Exercise aim: Using the records below, write out only the lines from the line containing "今回やったゲームは『ドブルキ" up to and including the line containing "Yaka Düğmeli Büyük", exactly, with no pictures.

(Extracted data entries)

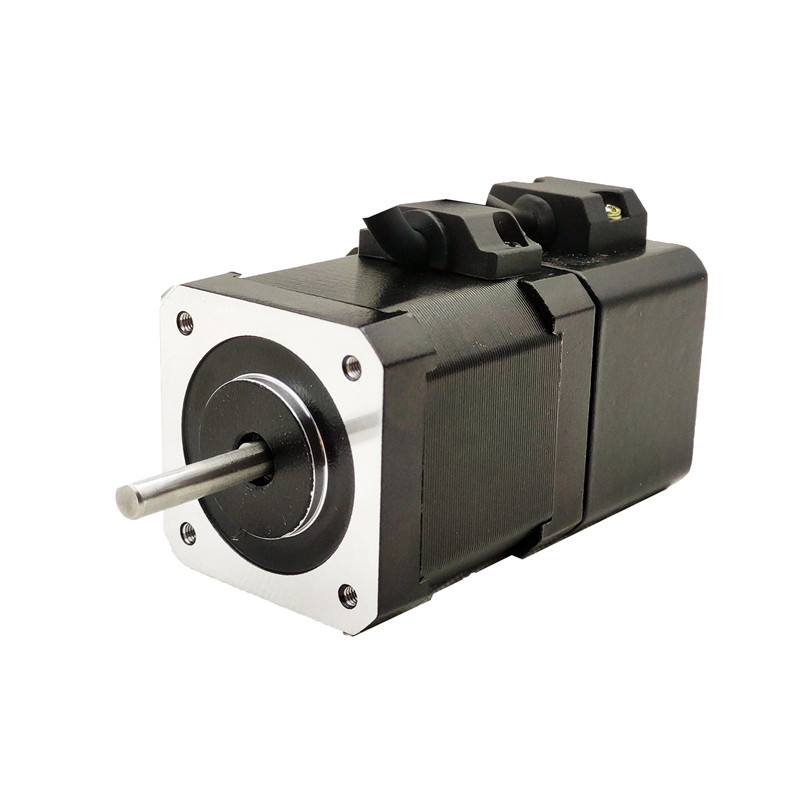 This compact size 42mm NEMA 17 stepper motor has a good holding torque 0.59Nm/83.78oz.in with rated current 2.0A, integrated with a 24V electromagnetic brake. The brake will pause the motor shaft rotation in a very short time while the brake power is off. Frankhumotor's brake motors are absolutely an ideal solution for the machines that require frequently work and stop under vertical operation.
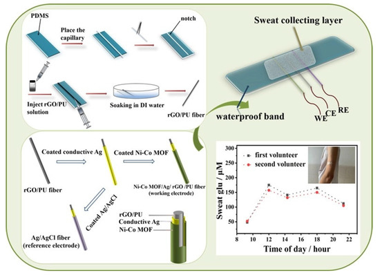 Fabrication and application of the Ni–Co MOF/Ag/rGO/PU fibre-based electrodes for the real-time monitoring of glucose molecules [127].
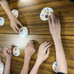 今回やったゲームは『ドブルキッズ』。55枚の丸いカードにおもちゃの絵が8つずつランダムに描かれています。このカードのおもしろいところはどのカードにも必ず共通の絵があることです。適当にカードを2枚出しても必ず同じ絵が見つけられるようデザインされてます。つまり『ドブル』は同じ絵を見つけて宣言するゲームです。最初に言わないといけないので早い者勝ちです。でも似たような色の絵があったり、サイズもバラバラだったりするので一見どの絵が共通しているのかわかりません。このゲームを所有してる私ですらたまに本気で見つけられません(笑)。
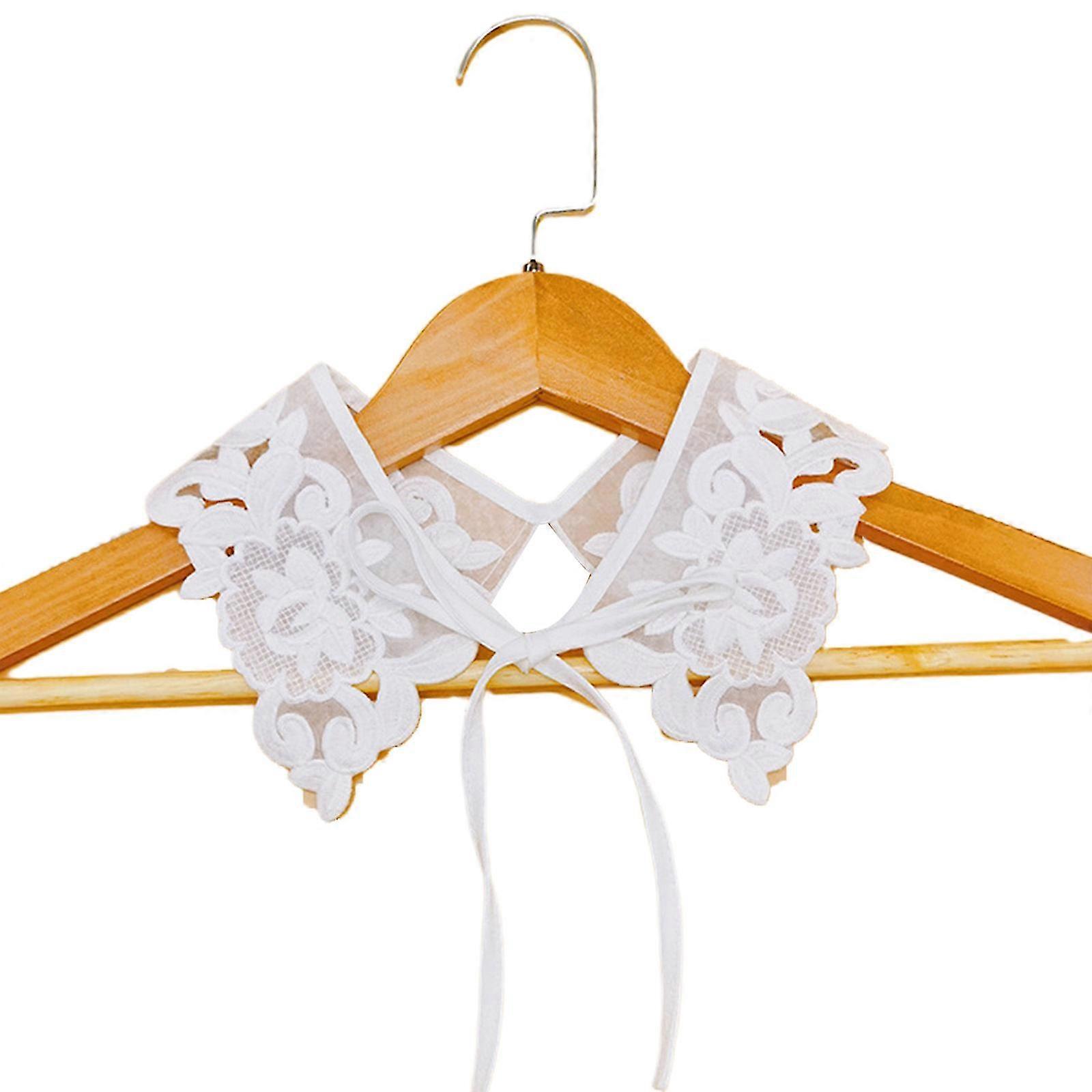 Women Girls Hollow Out DIY Detachable Collar Shawl Embroidery Plaid Flower Leaves White Scarf Decorative Lace-Up Capelet White
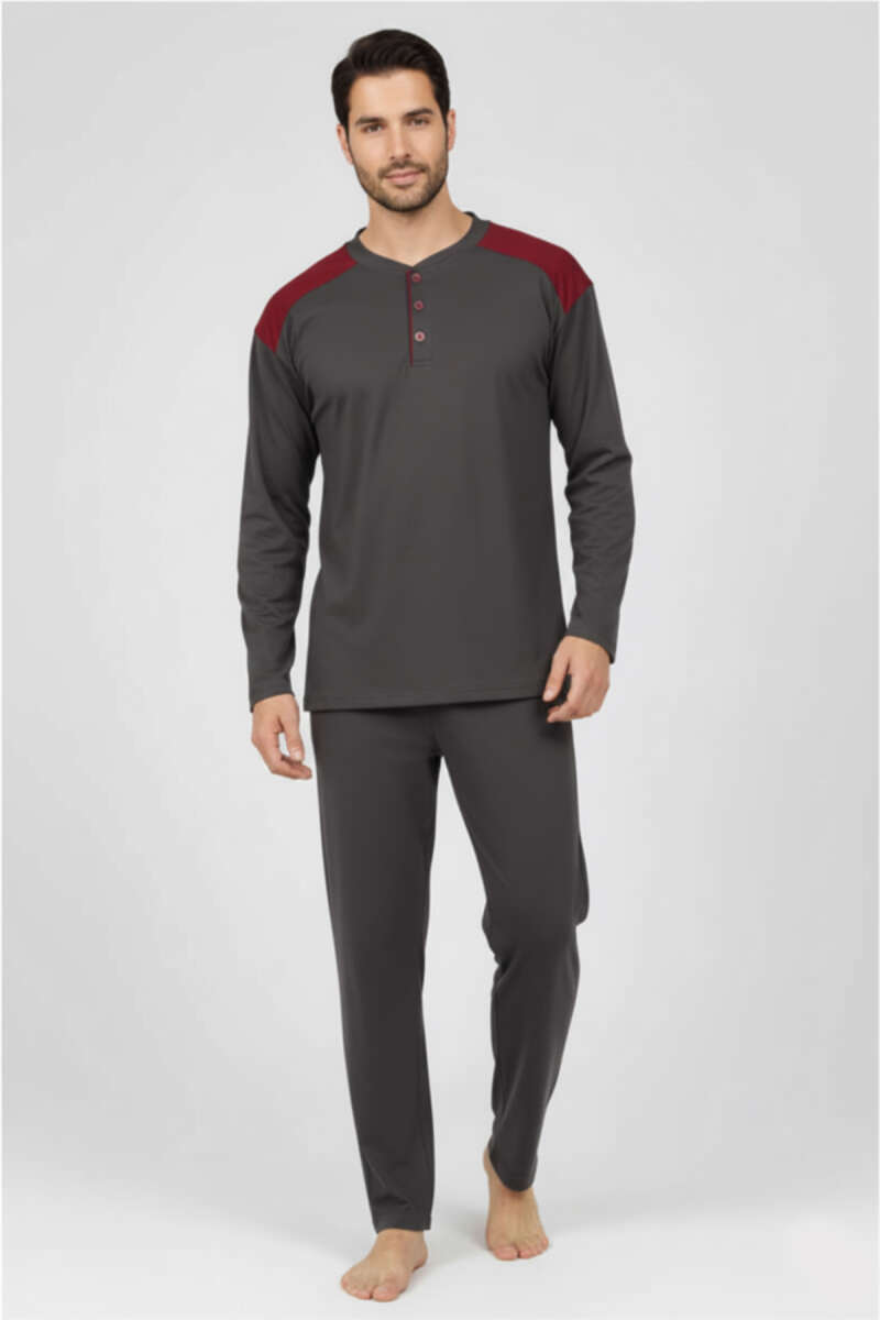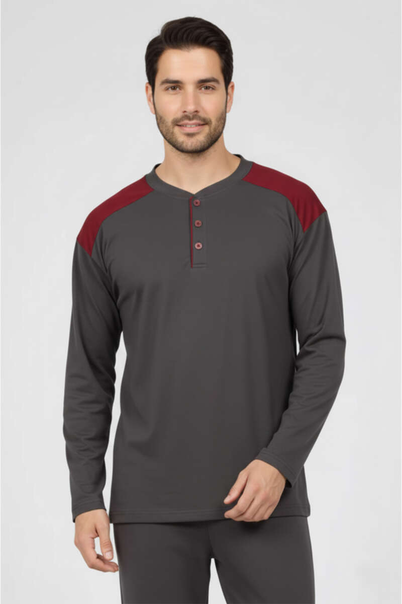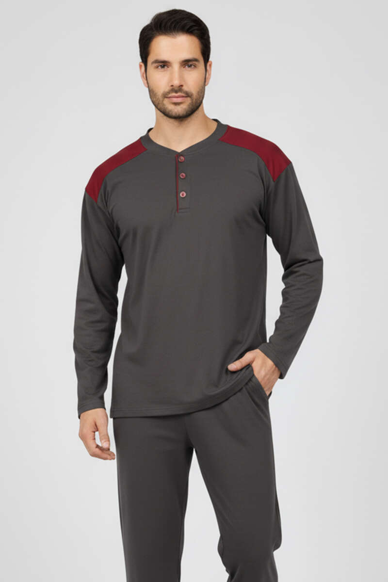 Yaka Düğmeli Büyük Beden İnterlok Erkek Pijama Takım Füme
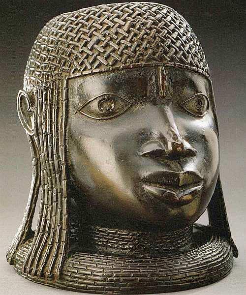Данный превосходный образец латунной скульптуры XVI столетия изображает одного из королей Бенина. Это царство на территории современной Нигерии было одним из центров ваяния. Интересно взглянуть на необычную форму головы персонажа. Линии черепа очень мягкие, мастерство отливки совершенно, такой технике позавидовал бы любой европейский ваятель. Детали облика короля выполнены с большой тщательностью, ведь они являлись символами и одновременно оберегами правителя. Скульптурная голова традиционно устанавливалась на алтарь, у которого поминали предков племени.
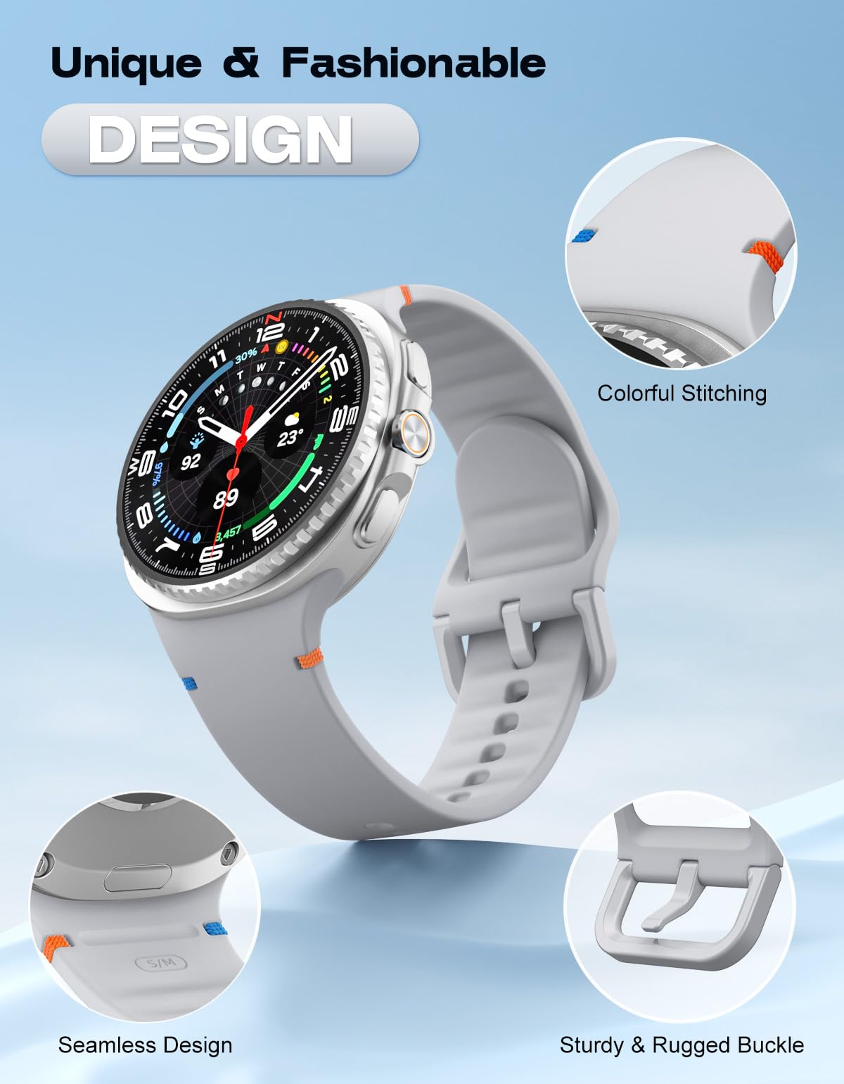 Seamless Design: The Galaxy Watch 8 band is accented with colorful stitching, adding a touch of elegance to your wrist, and the rippled design inside the band allows for easy drainage and quick drying of sweat. It has a lugless design that blends seamlessly into the body of the watch, ensuring a sleek look and comfortable fit, especially during intense exercise.
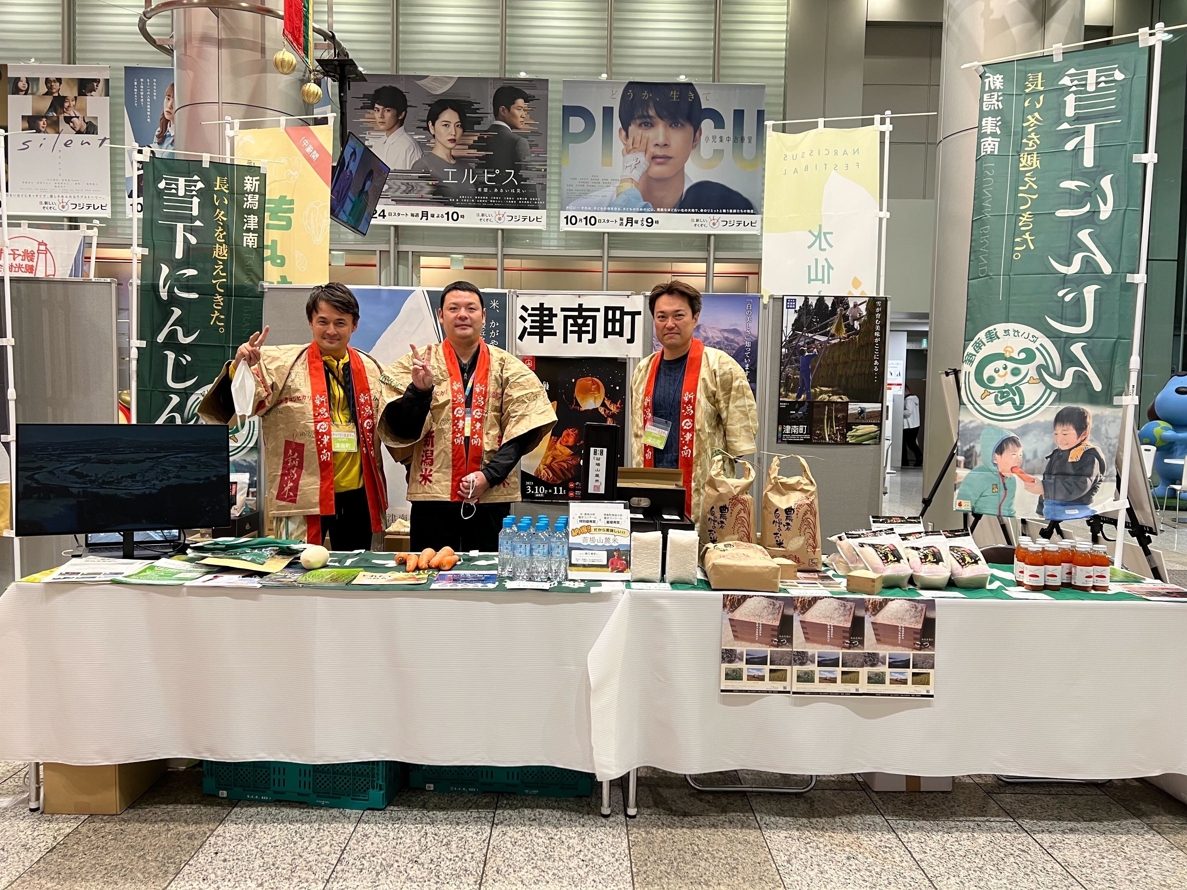 一方で、空港、駅、道の駅など多くの人が行き来する場所には、目にとまりやすい催事スペースがあり、そうしたリアルの場でまず津南の特産品を実際に見て味わって購入できる機会を作ります。
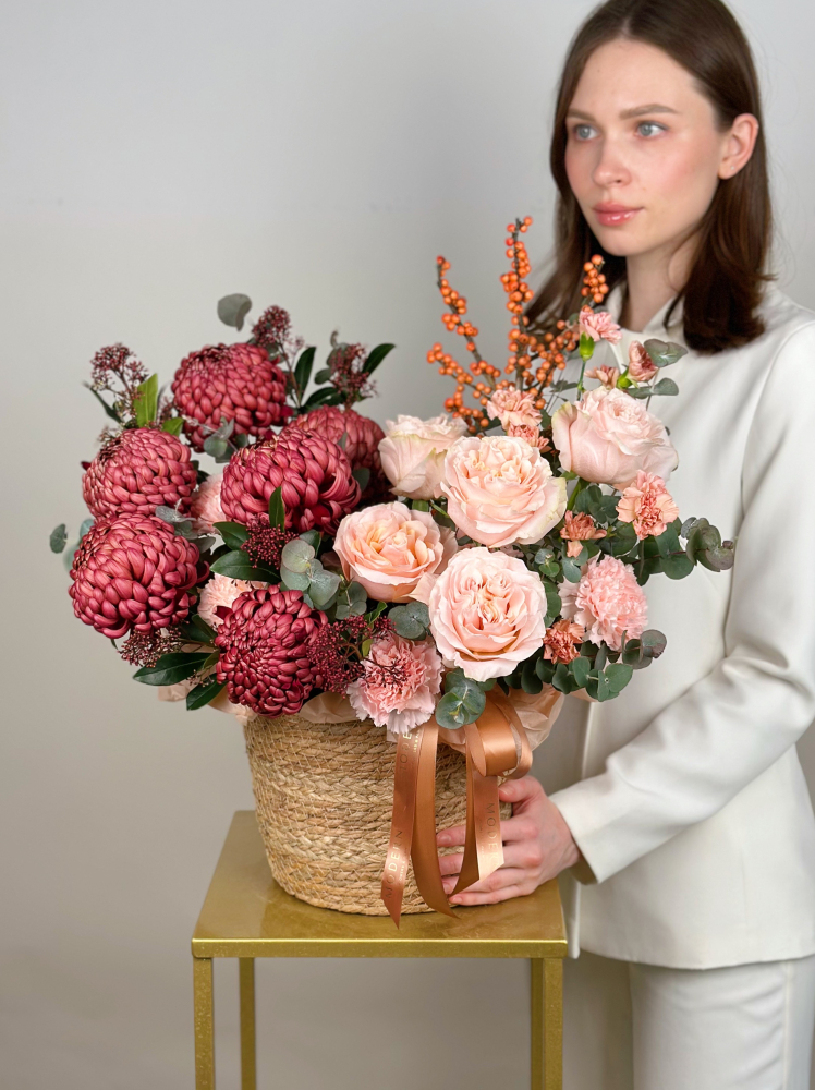 КОРЗИНА В ОСЕННИХ ТОНАХ С ПИОНОВИДНОЙ РОЗОЙ
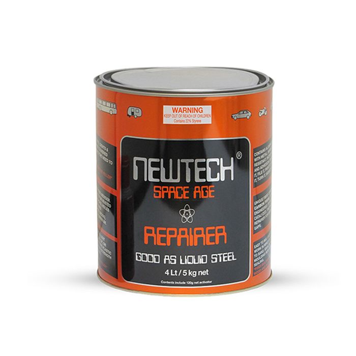 Newtech® Repairer is a polyester-based glass-fibre paste and hardener. The paste and hardener are supplied separately, and once mixed it becomes a user-friendly filler which is ideal to repair damaged alloy, metal, masonry, stone, aluminium and fibreglass parts real fast. It also contains rust inhibitor, aluminium and fibreglass strands which provide excellent bridging properties and reduce sagging for covering those large holes. No need to weld-in patches. The cured colour is a dark grey.
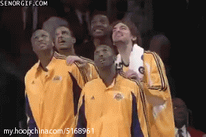 早年间湖人替补席的吃瓜表情,热度堪比杨少侠的问号脸。

Response to this exercise:
 今回やったゲームは『ドブルキッズ』。55枚の丸いカードにおもちゃの絵が8つずつランダムに描かれています。このカードのおもしろいところはどのカードにも必ず共通の絵があることです。適当にカードを2枚出しても必ず同じ絵が見つけられるようデザインされてます。つまり『ドブル』は同じ絵を見つけて宣言するゲームです。最初に言わないといけないので早い者勝ちです。でも似たような色の絵があったり、サイズもバラバラだったりするので一見どの絵が共通しているのかわかりません。このゲームを所有してる私ですらたまに本気で見つけられません(笑)。
 Women Girls Hollow Out DIY Detachable Collar Shawl Embroidery Plaid Flower Leaves White Scarf Decorative Lace-Up Capelet White
 Yaka Düğmeli Büyük Beden İnterlok Erkek Pijama Takım Füme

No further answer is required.